Suppose, instead, we'd been asked to predict the value **one year** or **five years** out.  The simplest model that we might try is just exponential growth
   $$ P(t) = \exp\left( c_0 + c_1 t \right) $$

To train it we just use a linear regression on $\log P(t)$ to build this model.  If we want to do better, we can content ourselves with modeling its error term.

In [None]:
oil['Julian'] = oil.index.to_julian_date()
oil = sm.add_constant(oil) # Add a constant field for the linear regression

In [None]:
train = oil[oil.index.year < CUT_YEAR].dropna(how='any')
train.head()

In [None]:
# Some justification is required for not doing in-/out-sample here...
#train = oil[ oil.index.year < CUT_YEAR ].dropna(how='any')
train = oil
exponential_model = sklearn.linear_model.Ridge().fit( 
    X=train[['Julian', 'const']], 
    y=np.log(train['Value'])
)

exp_model_df = oil
exp_model_df['Exponential_Model'] = np.exp(exponential_model.predict(oil[['Julian', 'const']]))
exp_model_df['Log_Error_Exponential'] = np.log(oil['Value'] / oil['Exponential_Model'])

In [None]:
exp_model_df[['Value', 'Exponential_Model']].plot()
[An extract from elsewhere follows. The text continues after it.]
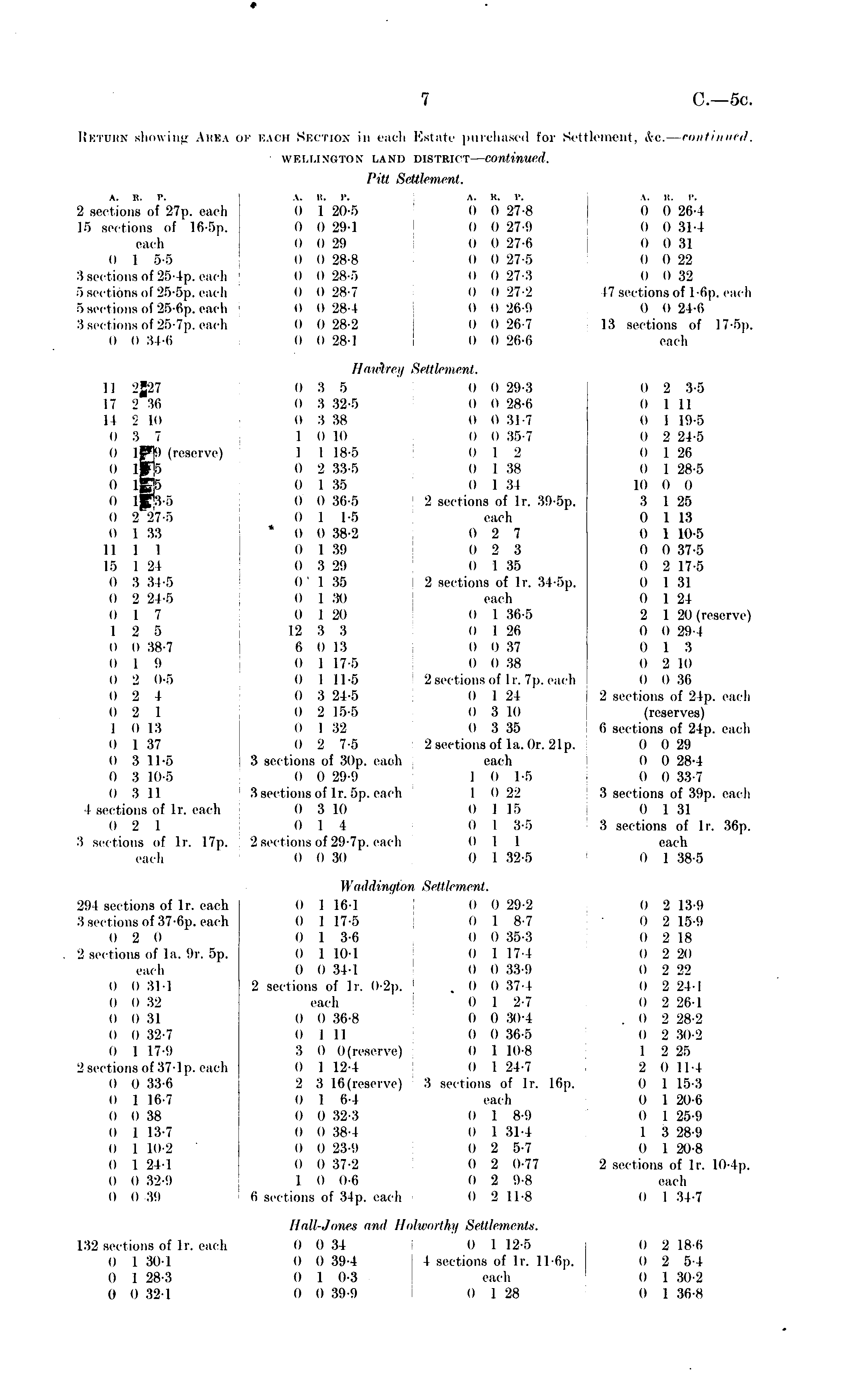 Return showing Aula of each Section in each Estate purchased for Settlement, &c- continued. Wellington land district continued. Pitt Settlement. A. 11. r. A. k. P. \. K. P. A. K. p. 2 sections of 27p. each 0 1 20-5 0 0 27-8 0 0 26-4 15 sections of 16-sp. 0 0 29-1 0 0 27-9 o 0 31-4 each 0 0 29 O 0 27-6 0 0 31 0 1 5-5 0 0 28-8 0 o 27-5 0 022 3 sections of 25-lp. each 0 0 28-5 O 0 27-3 0 0 32 5 sections of 25-sp. each 0 0 28-7 o 0 27-2 47 sections of l-6p. each 5 sections of 25-6 p. each 0 0 28-4 0 0 26-9 0 0 24-6 3 sections of 25-7 p. each 0 0 28-2 0 0 26-7 13 sections of L7-sp. 0 0 31-6 0 0 28-1 0 0 26-6 each llnietreij Settlement. II 2J27 0 3 5 0 il 29-3 0 2 3-5 17 2 36 o 3 32-5 0 o 28-6 0 111 14 2 10 o 3 38 0 o 31-7 o I 19-5 0 3 7 1 0 10 0 o 35-7 0 2 24-5 0 ISJT9 (reserve) 1 1 18-5 0 12 0 1 26 0 ]|&1r) 0 2 33-5 0 I 38 0 1 28-5 0 lgt, 0 1 35 0 1 31 10 0 o 0 UJJ3-5 0 0 36-5 2 sections of lr. 39-sp. 3 125 0 2 27-5 0 1 1-5 each 0 1 13 o 1 33, 0 0 38-2 0 2 7 0 1 10-5 1111 0 1 39 0 2 3 0 0 37-5 15 I 21 0 3 29 0 I 35 0 2 17-5 0 3 31-5 o 135 2 sections of lr. 34-sp. o 131 o 2 21-5 0 1 30 each 0 121 0 17 0 I 20 0 1 36-5 2 1 20 (reserve) 12 5 12 3 3 0 1 26 0 0 29-4 0 0 38-7 6 0 13 0 o 37 0 1 3 0 19 0 1 17-5 0 038 o 2 10 o 2 0-5 o I 11-5 2 sections of lr. 7p. each 0 0 36 0 2 4 0 3 21-5 0 121 2 sections of 21 p. each 0 2 1 0 2 15-5 0 3 10 (reserves) 1 0 13 o 132 o 3 35 6 sections of 24p. each o 137 0 2 7-5 2 sections of la. Or. 21p. 0 029 (I 3 11-5 3 sections of 30p. each each 0 0 28-4 0 3 10-5 0 0 29-9 I 0 1-5 0 0 33-7 0 3 11 3 sections of lr. sp. each I 022 3 sections of 39p. each I sections of lr. each 0 3 10 0 I 15 0 1 31 0 2 1 0 14 0 1 3-5 3 sections of lr. 36p. •", sections of lr. 17]). 2 sections of 29-7 p. each 0 1 1 each each 0 0 30 0 1 32-5 0 1 38-5 Waddingion Settlement. 291 sections of lr. each 0 1 161 0 0 29-2 0 2 13-9 3 sections of 37-6 p. each 0 1 17-5 0 1 8-7 0 2 15-9 0 2 0 ol 3-6 o 0 35-3 0 2 18 2 sections of la. 9r. sp. 0 1 101 0 1 171 0 220 each 0 0 31-1 0 0 33-9 0 2 22 o 0 31-1 2 sections of lr. 0-2 p. . 0 0 37-4 0 2 24-1 0 0 32 each II I 2-7 0 2 26-1 0 0 31 0 0 36-8 0 0 30-4 . 0 2 28-2 0 0 32-7 0 111 0 0 36-5 0 2 30-2 0 1 17-9 3 0 O(reserve) 0 1 10-8 1 2 25 2 sect ions of 37-1 ii. each 0 1 12-1 0 1 24-7 2 0 11-4 0 0 33-6 2 3 16(reserve) 3 sections of Ir. 16p. 0 1 15-3 0 1 16-7 0 1 6-4 each 0 1 20-6 0 0 38 0 0 32-3 0 1 8-9 () 1 25-9 o 1 13-7 o o 38-4 0 1 31-4 1 3 28-9 0 1 10-2 0 0 23-9 o 2 5-7 0 1 20-8 0 I 21-1 0 0 37-2 0 2 0-77 2 sections of lr. 10- lp. 0 0 32-9 1 0 0-6 0 2 9-8 each 0 0 39 6 sections of 34p. each 0 2 11-8 o I 31-7 llnll-.liniex mill Holworthy Settlements. 132 sections of lr. each 0 034 0 112-5 o 2 18-6 0 130-1 o 0 39-4 1 sections of lr. 11-6 p. 0 2 5-1 0 1 28-3 0 1 0-3 each 0 1 30-2 0 0 32-1 o 0 39-9 0 1 28 0 1 36-8

##Step 2: Seasonal effects
We might guess that the price of oil goes up in the winter and down in the summer.  Of course, oil can be stored and in an efficient futures market this would be priced in -- so we might _not_ expect to see it.  Let's do two analyses to try to check for it:
 - Visual inspection (with a weighted average, for smoothing)
 - A Fast Fourier Transform
 
(Later on, we will also look at the _autocorrelation_ which is another technique for this.)

## Weighted average (with smoothing)
There are many types of [moving average](http://en.wikipedia.org/wiki/Moving_average).  We will be computing the exponentially weighted moving average:

$$E_t = \alpha X_t + (1-\alpha)E_{t-1}$$

Since we can see that something crazy happened in 2008 (financial meltdown) and something else crazy happened in 1992 (Iraq War), we'll restrict to between those two dates.

In [None]:
log_error = oil['Log_Error_Exponential'][(oil.index.year > 1992) & (oil.index.year < 2008)]
pd.DataFrame({
    'log_error': log_error,
    'ewma': pd.ewma(log_error, span=100)
}).plot()

# FFT

We can also take a **Fourier transform** (more precisely, an FFT).
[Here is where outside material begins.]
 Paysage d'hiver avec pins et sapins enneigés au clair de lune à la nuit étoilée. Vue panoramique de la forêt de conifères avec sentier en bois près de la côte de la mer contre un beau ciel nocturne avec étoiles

The Fourier transform can be thought of as a representation of all the frequency components of your data. In some sense it is a histogram with each “frequency bin” corresponding to how often a particular frequency occurs in your signal.

In [None]:
from scipy import fftpack

fft = fftpack.fft(oil['Log_Error_Exponential'][(oil.index.year > 1992) & (oil.index.year < 2010)])
plt.plot(np.abs(fft))
plt.ylim([0, 700])
plt.xlim([0, 400])

**So what?**  There seems to be pretty much no visible season effect...
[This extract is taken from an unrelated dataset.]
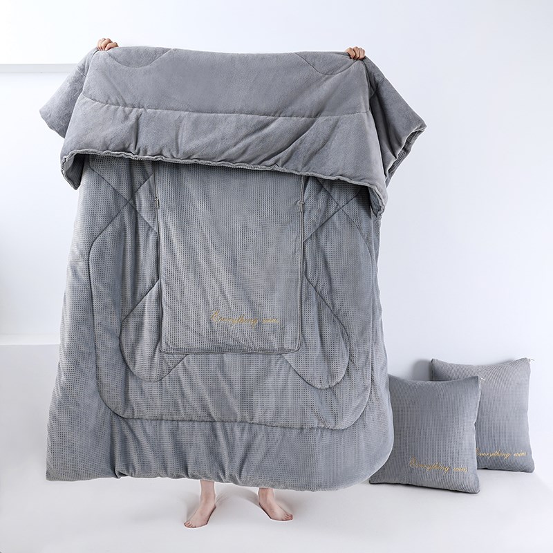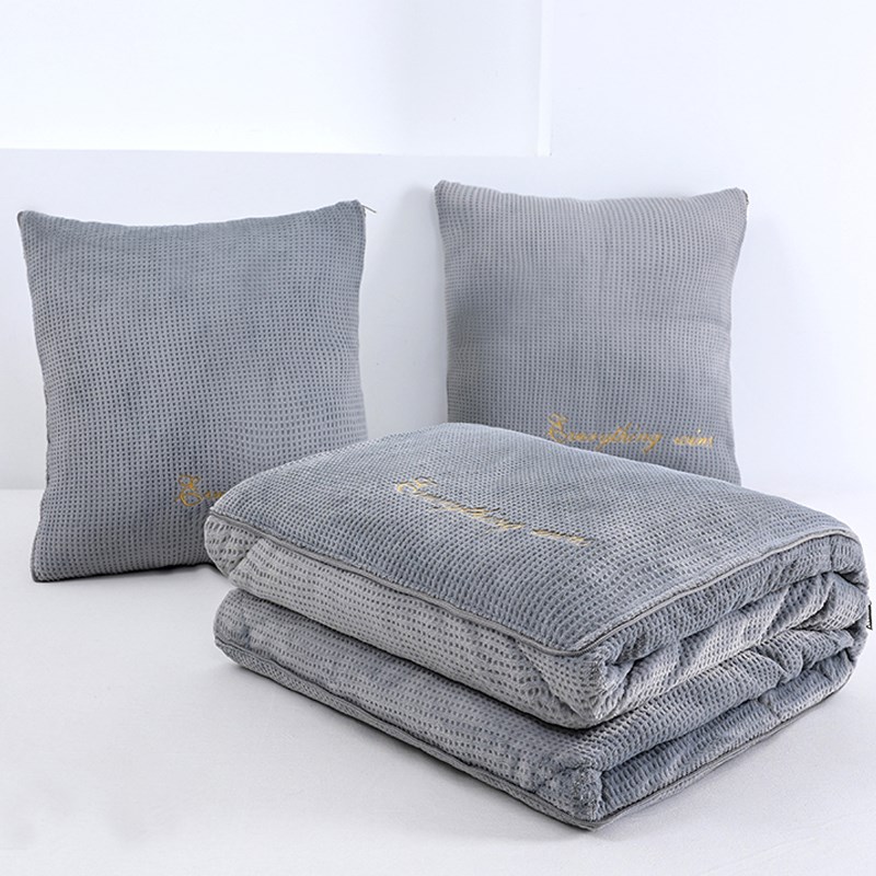 男士纯色抱枕被子两用冬季加厚午休毯办公室车载枕头沙发靠垫简约

**Exercise:** Suppose we had use something that _is_ clearly seasonal (e.g., the temperature data in the next cell).  Carry out the above analysis (and the lagged auto-correlation one below) with the temperature data below, and confirm that it is reasonable.

In [None]:
!head projects/timeseries-project/data/raw/temperatures.csv

In [None]:
temps_df = pd.read_csv("projects/timeseries-project/data/raw/temperatures.csv", 
                       index_col=0,
                       names=["Temperature"],
                       parse_dates=True,
                       date_parser=lambda u: pd.datetime.strptime(u, "%Y-%m-%d %H:%M:%S"))
temps_df[:24 * 7].plot()

In [None]:
## Your code here ##

## Cross validation: In sample and out of sample data sets.

In the above, when we built our simple model, we used all of history for training (and if we did any testing, we again used all of history for that).  When building a predictor, we should be doing some cross validation to make sure that we do not overfit.  

How do we do cross validation for time series data?  Here are some things we generally cannot do:
 - We cannot just pick data points at random, because there might be lagged indicators / seasonal effects / etc. that force us to work with contiguous blocks of time.  
 - We cannot blindly chop by e.g., month or year without some thought: There could be seasonal effects so that Decembers are always different.  There could be systemic "regime changes" that mean that cutting at a given date is inappropriate, or known and time-limited effects that last a year (or fraction thereof).   For instance, the years 1991 and 2008 in this data set.
 - We cannot have our testing set occur before our training set.
 
One common technique is to use a rolling window, sometimes called [forward chaining](http://stats.stackexchange.com/questions/14099/using-k-fold-cross-validation-for-time-series-model-selection).

- fold 1 : training [1], test [2]
- fold 2 : training [1 2], test [3]
- fold 3 : training [1 2 3], test [4]
- fold 4 : training [1 2 3 4], test [5]
- fold 5 : training [1 2 3 4 5], test [6]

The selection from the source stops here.